1. 程式人生 > >Going Beyond Predictions

Going Beyond Predictions

The predictions you make with a predictive model do not matter, it is the use of those predictions that matters.

Jeremy Howard was the President and Chief Scientist of Kaggle, the competitive machine learning platform. In 2012 he presented at the

O’reilly Strata conference on what he called the Drivetrain Approach for building “data products” that go beyond just predictions.

In this post you will discover Howard’s Drivetrain Approach and how you can use it to structure the development of systems rather than make predictions.

The Drivetrain Approach

The Drivetrain Approach
Image from

O’Reilly, all rights reserved

Motivating the Approach

Jeremy Howard was a top Kaggle participant before investing in and joining the company. In talks like Getting In Shape For The Sport Of Data Science you get deep insight into Howard’s keen ability at diving into data and building effective models.
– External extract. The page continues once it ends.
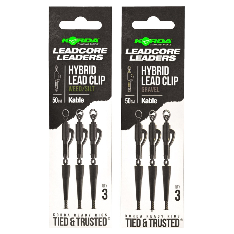 Jokainen leader on valmistettu erittäin kestävästä ja nopeasti uppoavasta Kable Leadcoresta, jossa on Hybrid Lead Clip toisessa päässä ja splitsattu silmukka toisessa, mikä mahdollistaa nopean kiinnityksen pääsiimaan.
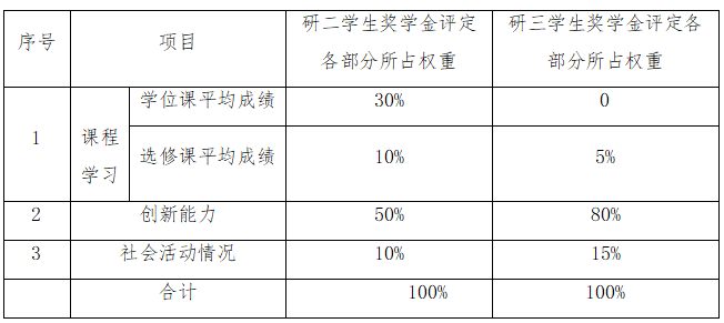 研究生国家奖学金评定细则由德育分、课程学习、创新能力、社会实践活动四个部分组成。其中德育分施行一票否决制,其他三部分采取评分制,具体分值分配如下:

By the 2012 Strata talk, Howard had been at Kaggle for a year or two and had see a lot of competitions and a lot of competitive data scientists. You can’t help but think that his pitch of a more rounded methodology was born out of his frustration of the focus on just predictions and their accuracy.

The predictions are the accessible piece and it makes sense that they are the focus of competitions. I see his Drivetrain Approach as him throwing down the gauntlet and challenging the community to strive for more.

The Drivetrain Approach

In the talk he presents a four step process for his Drivetrain Approach:

  1. Define Objectives: What outcome am I trying to achieve?
  2. Levers: What inputs can we control?
  3. Data: What data can we collect?
  4. Models: How do the levers influence the objectives?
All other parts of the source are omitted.